As always, take predictions with a mountain-sized grain of salt.
Published: February 10, 2009 at 3:54 PMWell, I hope C'sGA won't leave, because that's my cousin's home park, and I'll be visiting there in the next few years...
Published: February 10, 2009 at 9:07 PMI doubt that we will see any big closings in 2010. We will see some shakeups, some winners, and some losers, but everyone should survive. Here are some thoughts.
Sold Down The River- The Busch parks are surely in a period of uncertainty right now. They have a great product, a large market share, and a healthy bottom line. What will happen when they lose the support of AB? The quality of the parks will get them through the year relatively unscathed, despite a drop in tourism. Williamsburg remains a relatively inexpensive destination for families, so BGE will be ok. Manta will save the season for SeaWorld Orlando. What happens with the ownership keeps it's future in question.
Reality Check- It's Disney's turn to have one. Their numbers have been robust and inflated for a years. During that time, they created a massive resort with numerous rides, shows, hotels, restaurants, and other attractions. Money was no object, and no expense was spared in their attempt to provide the perfect theme park experience. It's the very thing that makes Disney successful that will cause problems for them.

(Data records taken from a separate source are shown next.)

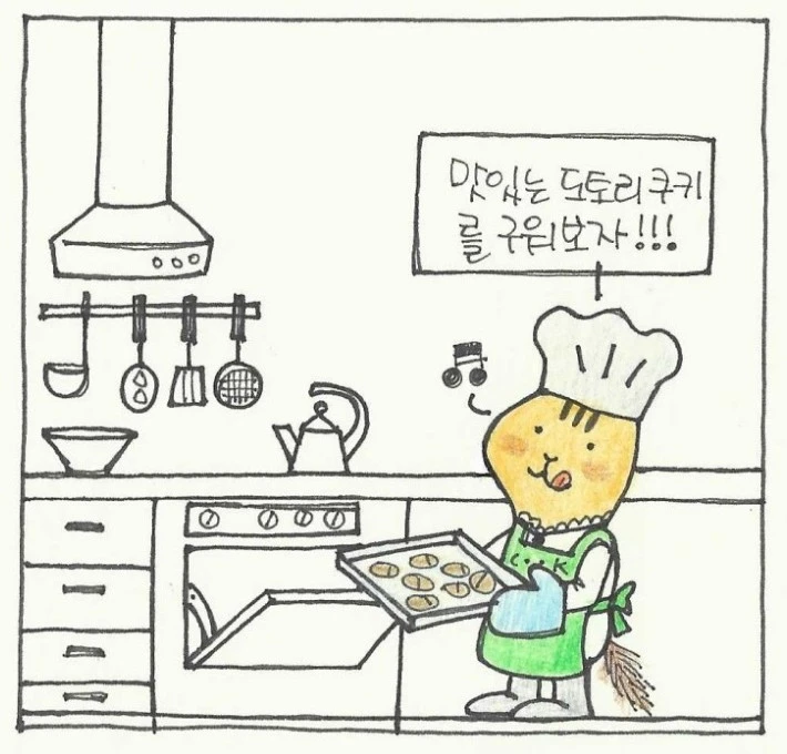 이것은 예전에 손으로 재미 삼아 그렸던 쿠키에 관련된 나의 단상인데 디지털 작업으로 옮기려고 하는 지금 시점에 보니 이 만화가 <차이와 반복>을 나타내고 있는 것이다.
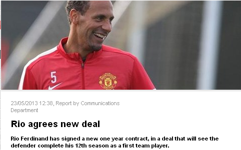北京时间5月23日晚,曼联俱乐部在其官方网站上宣布,34岁的老将里奥-费迪南德已经与球队签下续约1年的合同。这也就意味着,如果履行完合同,2002年夏天加盟曼联的费迪南德,将在红魔效力12年之久。里奥的续约,也击碎了过去几周媒体曝出的“费迪南德今夏退役”不实消息。
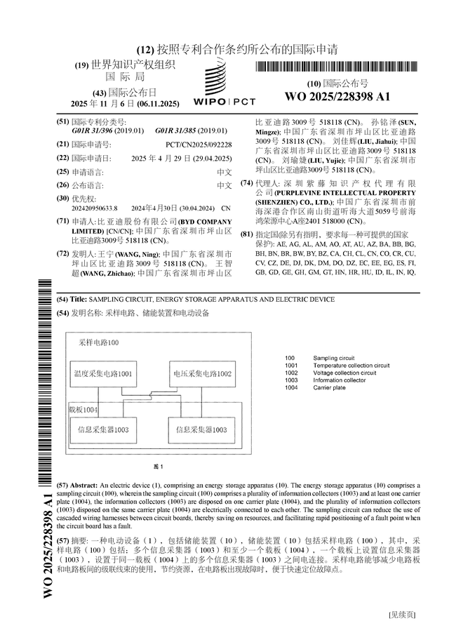证券之星消息,根据企查查数据显示比亚迪(002594)公布了一项国际专利申请,专利名为“采样电路、储能装置和电动设备”,专利申请号为PCT/CN2025/092228,国际公布日为2025年11月6日。
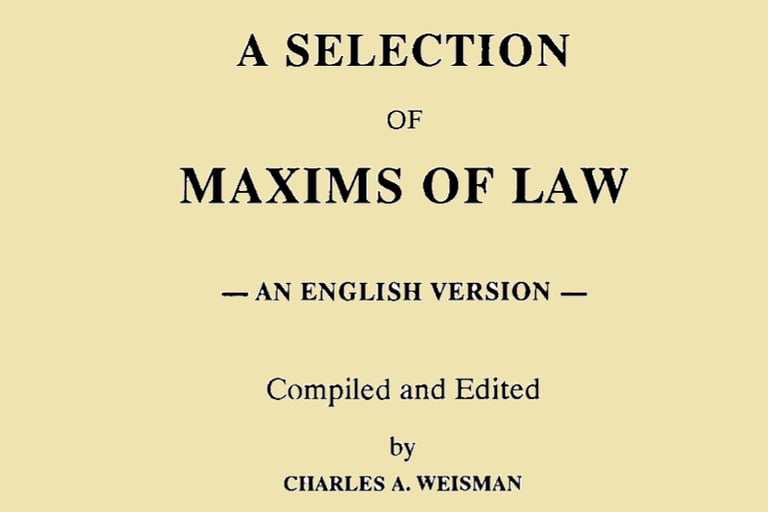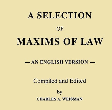 In Law, as with any science, there exists certain fundamental principles which form its basis and to which reference must be frequently made in its application. These fundamental principles in law are referred to as "Maxims of Law." Sir William Blackstone says they are "somewhat like axioms in geometry. " Certain Maxims of Law have prevailed throughout recorded history. They can be found in the old English Common Law, in the ancient Roman Law, and can be found in the Bible as well.These maxims of law are so manifestly founded on reason,necessity and Divine precepts, that they have been universally accepted as being true rules and principles of law. They thus have become a part of the general customs and common law of the land of every civilized nation. In describing the established Maxims of Law, Sir Edward Coke,a leading English authority on the law, stated: "A maxim is so called because its dignity is chiefest, and its authority the most certain, and because it is universally approved by all. "
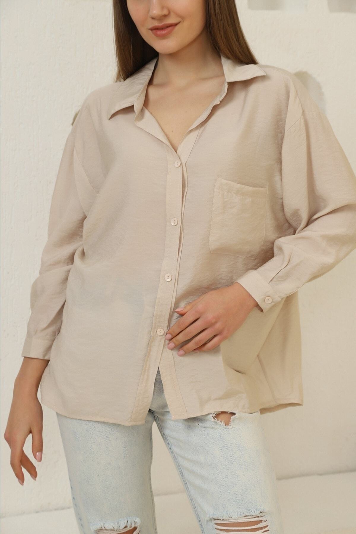 İgnites Kadın Bej Oversize Gömlek Özellikleri
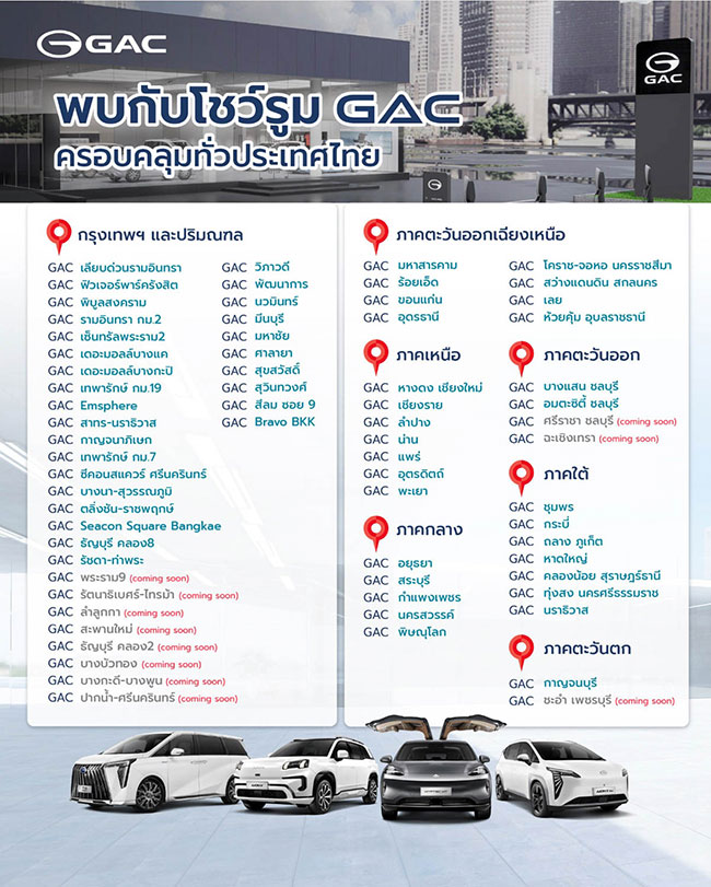 เดินหน้าขยายเครือข่ายบริการเพื่อความอุ่นใจทั่วประเทศ: ปัจจุบัน GAC ประเทศไทย มีศูนย์บริการและโชว์รูมที่เปิดให้บริการแล้ว กว่า 50 แห่ง ในพื้นที่ยุทธศาสตร์ทั่วประเทศไทย และเพื่อสร้างความเชื่อมั่นและอำนวยความสะดวกสบายให้แก่ลูกค้าที่เพิ่มขึ้นอย่างต่อเนื่อง บริษัทฯ มีแผนที่จะขยายเครือข่ายให้ครอบคลุมกว่า 80 แห่งทั่วประเทศภายในปี 2569 เพื่อให้การบริการทั้งด้านการขายและหลังการขายเป็นไปอย่างทั่วถึงและมีประสิทธิภาพสูงสุด

Revenue sunk last year, hotel bookings decreased. Money is now officially an object for Disney, and the cost of running the Orlando resort isn't pretty. The reality is that people will cut back on their vacation spending for a while, and Disney simply will cost too much, even with the discounts...for many. My prediction is this, Disney may find a way to keep attendance stable with discounts, but their bottom line will take a serious beating, and their market share will not increase. Look for more cuts in Mouseland, at least until people have the money to go again.
Golden Oppurtunity- Universal Orlando's Super Bowl promotion was a master stroke, and it's an example of what parks should be doing to get the people's attention. Amongst all of the potential carnage that may happen in Orlando this year, Universal is in the best position to gain market share. The new ride this year coupled with the coming soon Harry Potter attractions gives them the most potential to gain market share in the precious Orlando market, and while they do have a large property to run, it's nowhere near the cost of Disney's, and remember...money is now an object in Orlando.

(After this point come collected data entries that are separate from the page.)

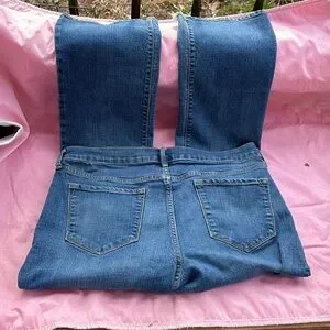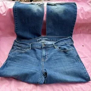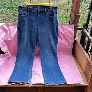 Old Navy Original Mid-Rise medium wash denim blue jeans are women’s size 12 Petite. The back of the hem and jeans are distressed and frayed. My oldest daughter is only 5’10.5” and so most jeans are too long, drag or she’s stepping on them fraying them. Jeans have belt loops, rivets, 5 pockets and close with a button and zipper. Made in Cambodia of 86% cotton 13% polyester 1% spandex. Waist 34” rise 10” and inseam 27” long.
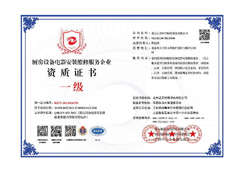 北京京泰leyucom乐鱼厨房设备有限公司拥有科学的管理机制,30多名专业的技术管理人员,实现了企业管理的专业化、年轻化。公司实行全方位的优化管理,严格按ISO9001质量体系运作过程,建立科学的管理模式,实行岗位责任制及目标激励机制。是服务综合实力得以不断提高。
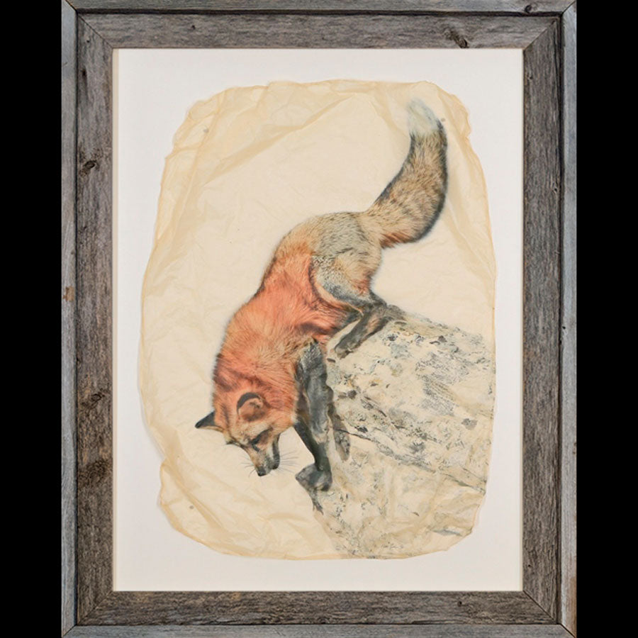 This is created in Zaluzec's signature "Gampi" medium. After editing the background out of the image, Zaluzec prints two versions of the image. He overlays the images with a slow-drying adhesive and allows them to dry, shrink, and create ridges. He further modifies the papers to create the final image, before custom-framing each piece. Each image comes in editions of 45 and is available in two sizes. Every Pete Zaluzec image is custom framed in black, off-white, or barn wood.
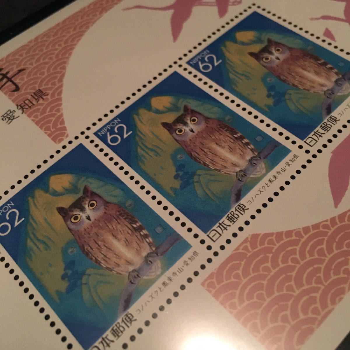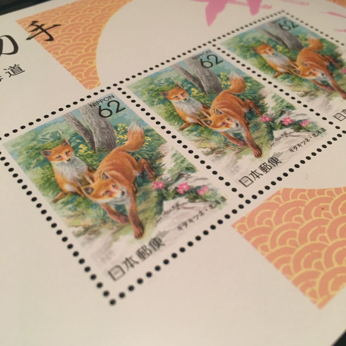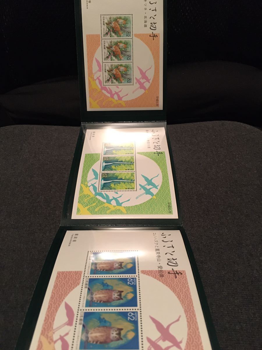 3種類(キタキツネ/酒水の滝/コノハズクと鳳来寺山)の切手シートと豪華アルバム

Like a Rock- Like them or not, Cedar Fair knows how to run an amusement park. They use good old fashioned thrills, manage and maintain their parks well, spend their money wisely, and always provide a return to their investors. Their flagship parks, Cedar Point and Kings Island, have an almost cultlike following of fans and a huge amount of passholders. Canada's Wonderland has a virtual monopoly in the great north, and many of their parks are building new attractions for the coming year. Diamondback at Kings Island will be a huge hit, providing a boost in attendance and revenue. Prowler at Worlds of Fun will be a big crowd pleaser, and the park will benefit handsomely from the new coaster and those budget minded families who come to ride it. The mothership Cedar Point will probably break even. They don't have a new ride this year and may have some trouble with some of those hotel rooms, but the army of passholders and the regional visitors will come through for them like they always do. The staycationers..if you will James...will also visit.

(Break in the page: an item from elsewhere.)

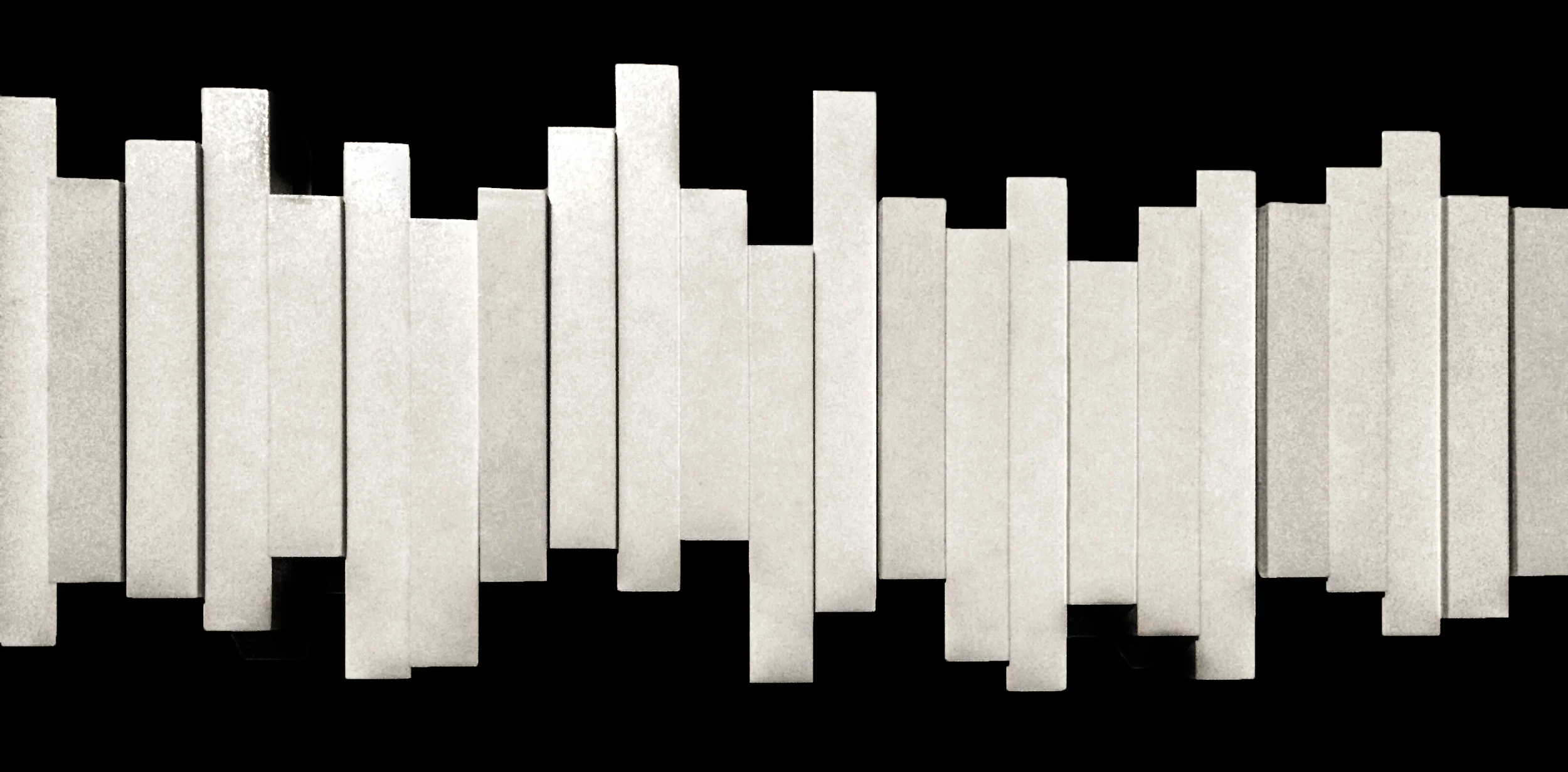 This unique pattern is actually of a coat hanger. Certain individual bars pull out in order to hang the coats, but when not in use it becomes an abstract piece of art.

No Guts, No Glory- The winner of the golden goose award for 2009 goes to Six Flags. The question is this...will they strangle her or let her lay the golden egg. Six Flags has parks in 10 of the biggest metro areas in the country...full of budget minded leisure seekers looking for a closer form of entertainment. With aggressive marketing, discounts, and an improved product, they could see a huge increase in all major categories, including market share. Time will tell if they are willing to put up the fight and reap the spoils, or if they will cut and run, duck and cover. If they do the latter, they will fall on their face, and parks like Kentucky Kingdom and The Great Escape will be in serious trouble.